**TASK TO CARRY OUT:**
Each line below must be reproduced exactly as it stands. Pictures stay out of the copy.

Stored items
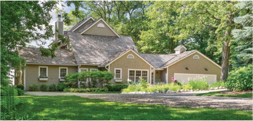
1375 PARK DRIVE | ORONO 4 BR 4 BA | $2,299,900

Stunning Lake Minnetonka lakefront home. Hard to find level lot with clear water, sandy beach and miles of views. Nearly new condition, this home features an open design with soaring vaults, large windows and high-level finishes throughout.
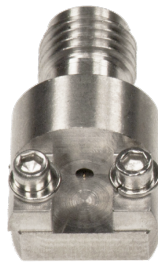
Common Interface ELF40
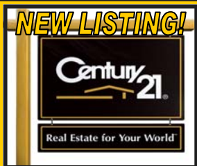
AIRDRIE MEADOWS 1170 sqft. Bi-level with part dev basement (suite possibilities!!). Numerous updates. $331,900
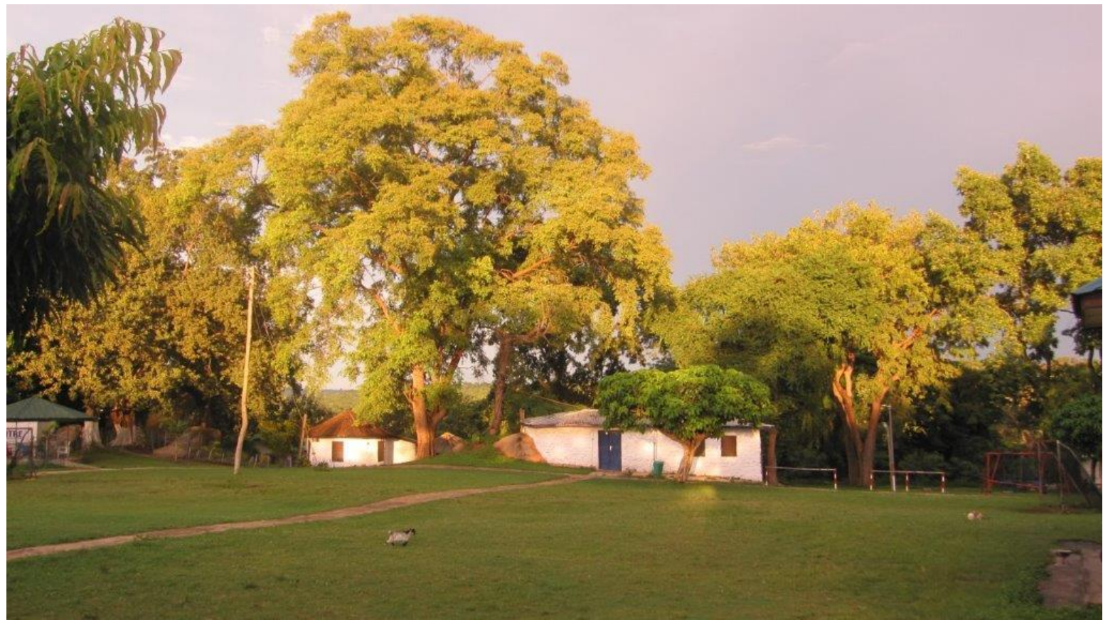
The very beautiful PCC compound

Email: handinhandcommunity@gmail.com Website (English): www.handinhandcommunity.com Website (Dutch): www.operationhandinhand.nl
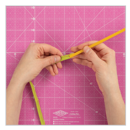
3. Insert <sup>1</sup>/<sub>4</sub>"-wide bias bar into sewn strip.

2. Trim seam allowance to \frac{1}{8} ".
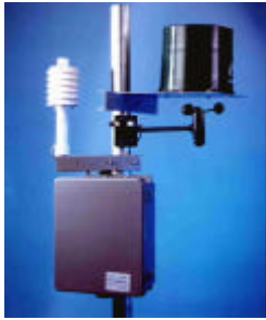
MINI FIELD STATION (MINI shown with additional sensors)

This MINI Starter Package allows the user to remotely monitor a well's water level. This starter package can be expanded to monitor the flow rate, total flow and salinity of the water being pumped. The pump can be controlled by the system, using the optional control capability on the MINI Field Station. Up to 150 Field Stations, with various configurations, can be added to this package making it a complete Data Acquisition and Control System.
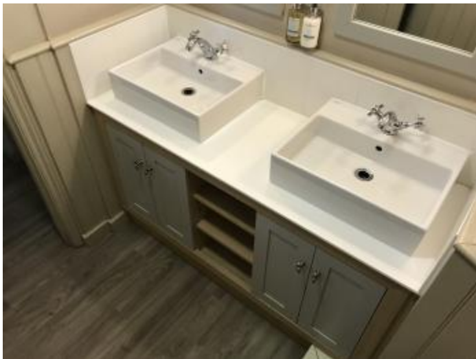
Male Toilet Sinks
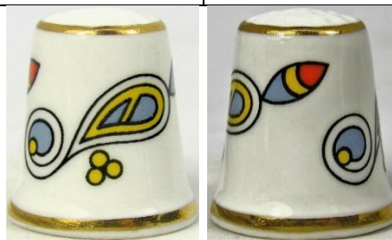
Celtic patterns Thimble Collectors Club green and gold maker's mark
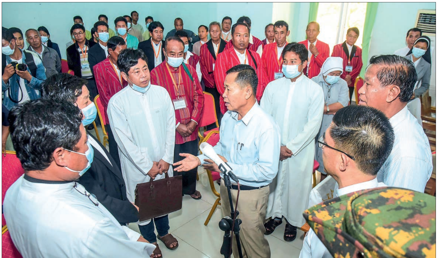
State Administration Council Vice-Chairman Deputy Commander-in-Chief of Defence Services Commander-in-Chief (Army) Vice-Senior General Soe Win cordially greets religious organization leaders from Loikaw and Kaehtobo traditional group in Kayah State on 15 March 2023.

Although the State Administration Council has invited all for restoring peace and stability and perpetual peace, some armed organizations do not have the willingness to cooperate with the government. Tatmadaw has extended the ceasefire for perpetual peace till the end of 2023. The Prime Minister himself invited all for holding peace talks without
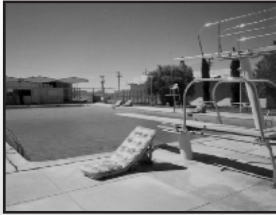
The Olympic-size Mercury swimming pool opened for business in 1964.

One of the larger, most anticipated construction projects was the Mercury Cafeteria and Steakhouse. Food facilities consultants studied the special feeding problems and overcrowding at Mercury mess halls and worked with the architect/engineer to design the new cafeteria's kitchen and serving areas. Trays used in the new cafeteria had a modified triangle shape so that four trays would fit on one table, a design that is still used in the cafeteria today. The cafeteria combined style with function: the perforated block wall was not used just for aesthetics - the wall assists in the heating and cooling of the cafeteria. Upon its completion, the new cafeteria had a total seating capacity of 800, and a steakhouse to provide a more elegant dining experience.
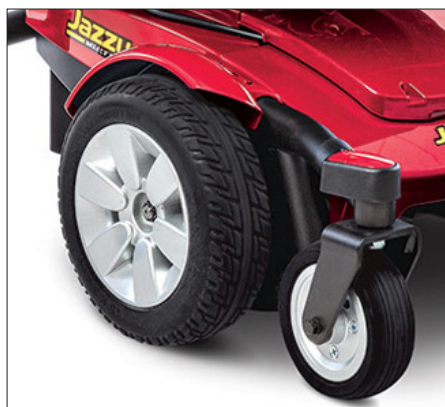
6" Castors Front & Rear For Stability
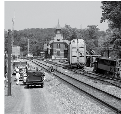
Fire crews were on the scene minutes after the derailment of the CSX train at Point of Rocks.

between fallen trees. On June 10th another storm affected the area from Dickerson to Brunswick causing more trees to fall on the railroad tracks and power failures affected CSX signals.
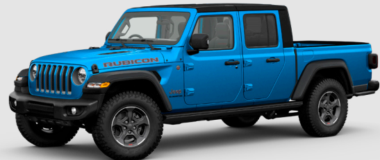
PBJ - Hydro Blue (Option)
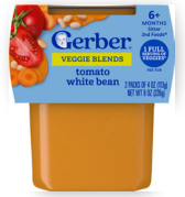
Tomato White Bean
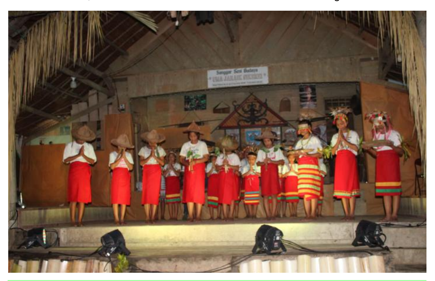
Funds spent this month to further our target: AUD $ 850

Currently YPBM assisted traditional schools already have 9 cultural schools. In the last two months, there are 277 students who are active in learning culture
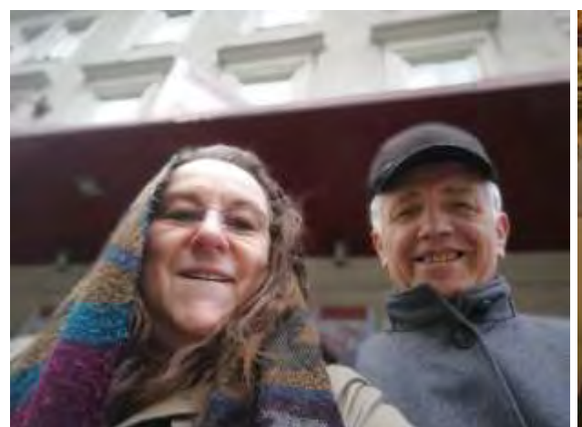
Baby it's cold outside
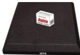
8.2MHz label deactivator

8.2 MHz High Quality Micro Labels 1.25 x 1.25 ( 2000 per roll )
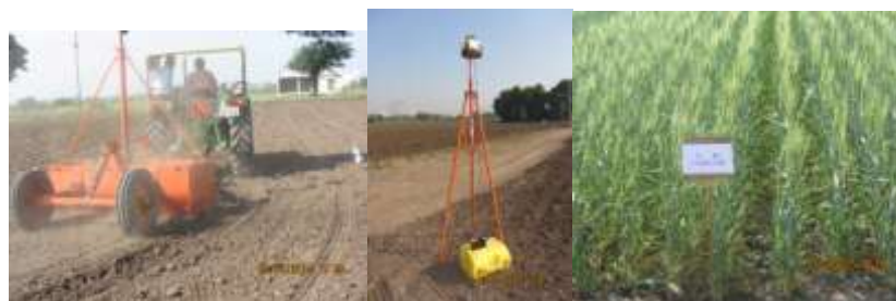
(Department of Agronomy, CoA, JAU, Junagadh)

The farmers of South Saurashtra Agro-climatic Zone growing wheat in rabi season are recommended to apply 10 irrigations, first immediately after sowing and remaining 9 irrigations at 8-10 days interval (at 0.9 IW/CPE ratio) for securing higher yield and 10 per cent water saving.
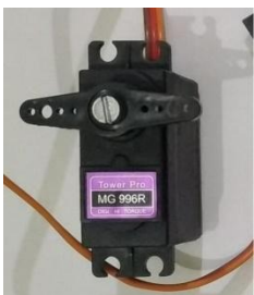
Fig. 5. Servo Motor

Servo Motor In reality, a servo motor is a combination of four components: a gear reduction unit, a control circuit, a position-sensing device, and a standard DC motor. A gear mechanism attached to the DC motor transmits feedback to a position sensor.
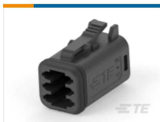
TE Part #2600035-1 6CCT BLACK PLUG W/SMALL SEAL
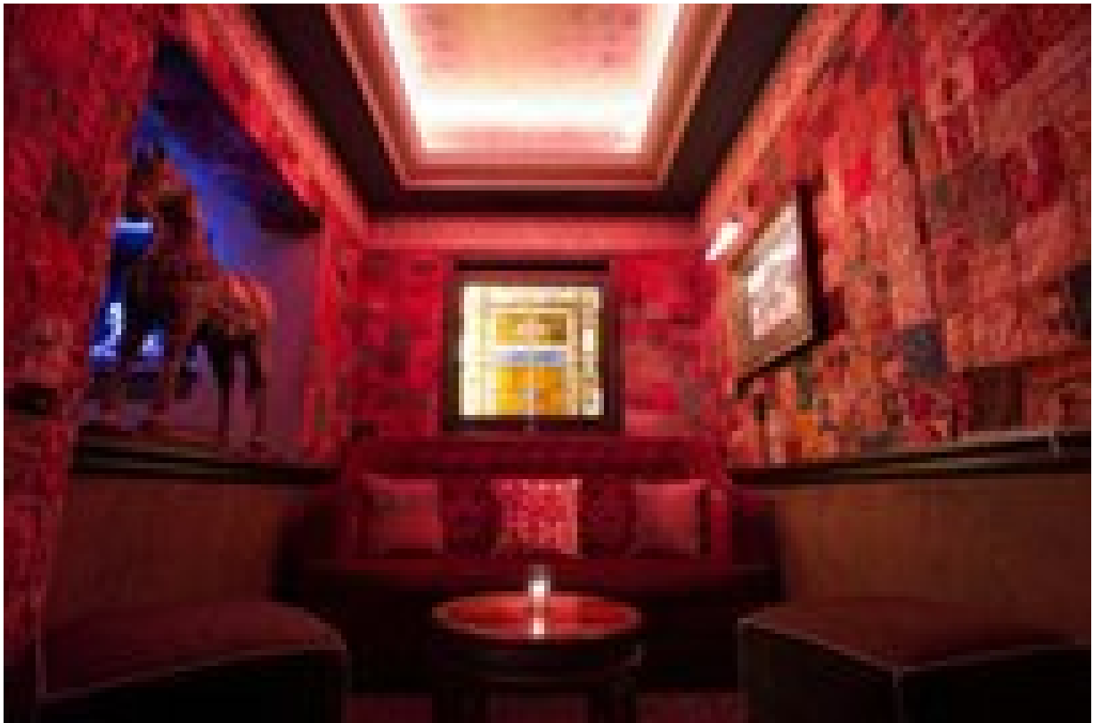
One of several VIP booths in the recently renovated Foundation Room is shown Monday, February 29, 2016 in Dallas.
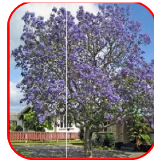
Sample 2 Plate 4

Shoot weight = total height of 100 plants / 100 Shoot/ root ratio = total shoot length / total root length Percentage of fresh weight and dry weight = w_1 - w_2 / w_1 * 100
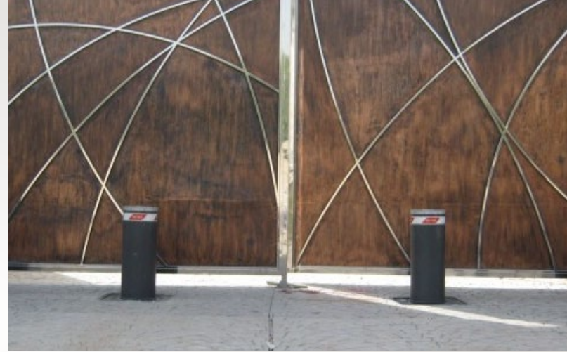
VVIP Residence (Dubai)
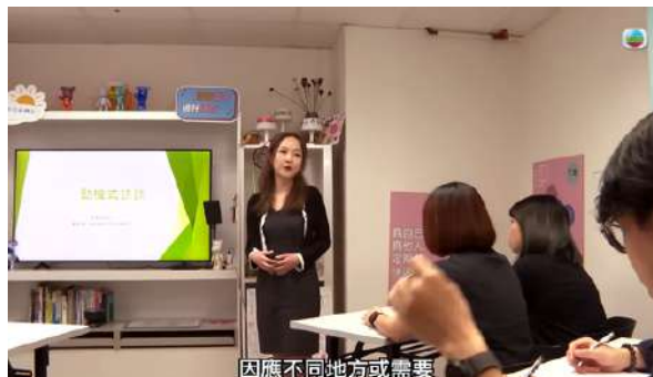
因應不同地方或需要 “Sunday Report - 四十不惑” Interview
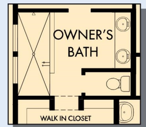
OPTIONAL SUPER SHOWER WITH AT OWNER'S BATH
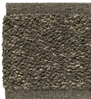
Smokey Brown 781
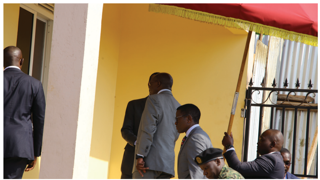
Ssaabasajja Kabaka ng'alambuzibwa amayumba
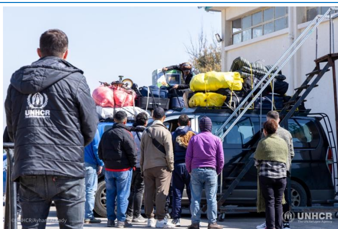
UNHCR and its partners provide assistance at the Joussieh border crossing in Homs to thousands of people fleeing hostilities in Lebanon.
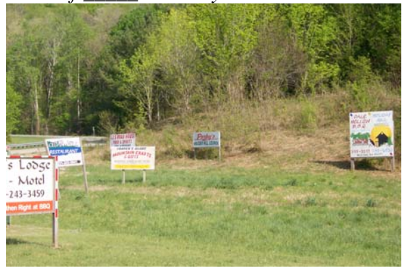
Turning right onto _____
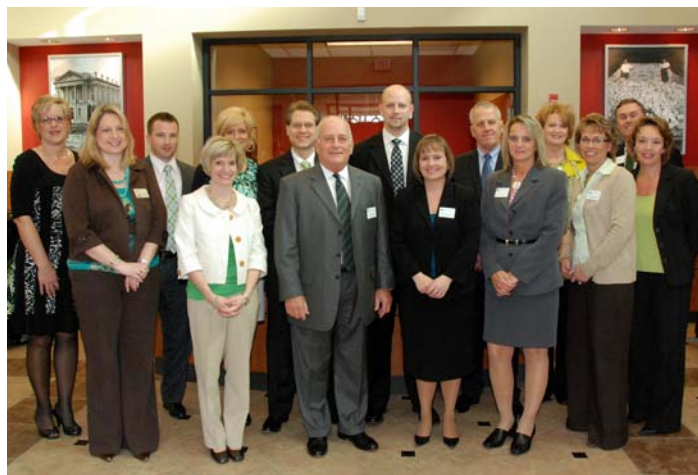
First Clover Leaf Bank, March 17
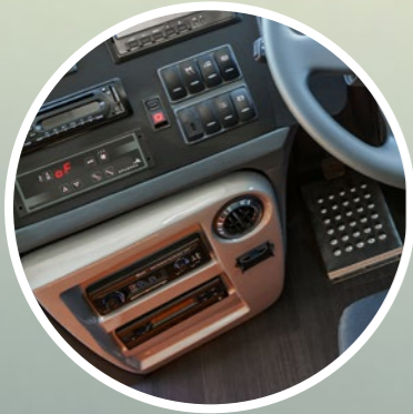
Radio, PA, DVD with USB and MP3 on the dashboard
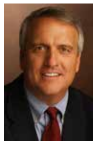
Bill Ritter, Jr. Center for the New Energy Economy, Colorado State University
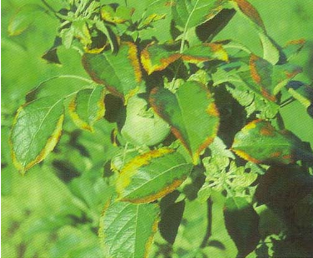
Plate 4. K-deficient apple showing necrosis (scorching) of leaf margins.
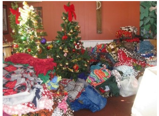
Over 255 blankets were given out to Knoxville's homeless community. Thank you, Beaver Ridge congregation, for doing your part!!

**RESPONSE TO THIS EXERCISE:**
1375 PARK DRIVE | ORONO 4 BR 4 BA | $2,299,900

Stunning Lake Minnetonka lakefront home. Hard to find level lot with clear water, sandy beach and miles of views. Nearly new condition, this home features an open design with soaring vaults, large windows and high-level finishes throughout.
Common Interface ELF40
AIRDRIE MEADOWS 1170 sqft. Bi-level with part dev basement (suite possibilities!!). Numerous updates. $331,900
The very beautiful PCC compound

Email: handinhandcommunity@gmail.com Website (English): www.handinhandcommunity.com Website (Dutch): www.operationhandinhand.nl
3. Insert <sup>1</sup>/<sub>4</sub>"-wide bias bar into sewn strip.

2. Trim seam allowance to \frac{1}{8} ".
MINI FIELD STATION (MINI shown with additional sensors)

This MINI Starter Package allows the user to remotely monitor a well's water level. This starter package can be expanded to monitor the flow rate, total flow and salinity of the water being pumped. The pump can be controlled by the system, using the optional control capability on the MINI Field Station. Up to 150 Field Stations, with various configurations, can be added to this package making it a complete Data Acquisition and Control System.
Male Toilet Sinks
Celtic patterns Thimble Collectors Club green and gold maker's mark
State Administration Council Vice-Chairman Deputy Commander-in-Chief of Defence Services Commander-in-Chief (Army) Vice-Senior General Soe Win cordially greets religious organization leaders from Loikaw and Kaehtobo traditional group in Kayah State on 15 March 2023.

Although the State Administration Council has invited all for restoring peace and stability and perpetual peace, some armed organizations do not have the willingness to cooperate with the government. Tatmadaw has extended the ceasefire for perpetual peace till the end of 2023. The Prime Minister himself invited all for holding peace talks without
The Olympic-size Mercury swimming pool opened for business in 1964.

One of the larger, most anticipated construction projects was the Mercury Cafeteria and Steakhouse. Food facilities consultants studied the special feeding problems and overcrowding at Mercury mess halls and worked with the architect/engineer to design the new cafeteria's kitchen and serving areas. Trays used in the new cafeteria had a modified triangle shape so that four trays would fit on one table, a design that is still used in the cafeteria today. The cafeteria combined style with function: the perforated block wall was not used just for aesthetics - the wall assists in the heating and cooling of the cafeteria. Upon its completion, the new cafeteria had a total seating capacity of 800, and a steakhouse to provide a more elegant dining experience.
6" Castors Front & Rear For Stability
Fire crews were on the scene minutes after the derailment of the CSX train at Point of Rocks.

between fallen trees. On June 10th another storm affected the area from Dickerson to Brunswick causing more trees to fall on the railroad tracks and power failures affected CSX signals.
PBJ - Hydro Blue (Option)
Tomato White Bean
Funds spent this month to further our target: AUD $ 850

Currently YPBM assisted traditional schools already have 9 cultural schools. In the last two months, there are 277 students who are active in learning culture
Baby it's cold outside
8.2MHz label deactivator

8.2 MHz High Quality Micro Labels 1.25 x 1.25 ( 2000 per roll )
(Department of Agronomy, CoA, JAU, Junagadh)

The farmers of South Saurashtra Agro-climatic Zone growing wheat in rabi season are recommended to apply 10 irrigations, first immediately after sowing and remaining 9 irrigations at 8-10 days interval (at 0.9 IW/CPE ratio) for securing higher yield and 10 per cent water saving.
Fig. 5. Servo Motor

Servo Motor In reality, a servo motor is a combination of four components: a gear reduction unit, a control circuit, a position-sensing device, and a standard DC motor. A gear mechanism attached to the DC motor transmits feedback to a position sensor.
TE Part #2600035-1 6CCT BLACK PLUG W/SMALL SEAL
One of several VIP booths in the recently renovated Foundation Room is shown Monday, February 29, 2016 in Dallas.
Sample 2 Plate 4

Shoot weight = total height of 100 plants / 100 Shoot/ root ratio = total shoot length / total root length Percentage of fresh weight and dry weight = w_1 - w_2 / w_1 * 100
VVIP Residence (Dubai)
因應不同地方或需要 “Sunday Report - 四十不惑” Interview
OPTIONAL SUPER SHOWER WITH AT OWNER'S BATH
Smokey Brown 781
Ssaabasajja Kabaka ng'alambuzibwa amayumba
UNHCR and its partners provide assistance at the Joussieh border crossing in Homs to thousands of people fleeing hostilities in Lebanon.
Turning right onto _____
First Clover Leaf Bank, March 17
Radio, PA, DVD with USB and MP3 on the dashboard
Bill Ritter, Jr. Center for the New Energy Economy, Colorado State University
Plate 4. K-deficient apple showing necrosis (scorching) of leaf margins.
Over 255 blankets were given out to Knoxville's homeless community. Thank you, Beaver Ridge congregation, for doing your part!!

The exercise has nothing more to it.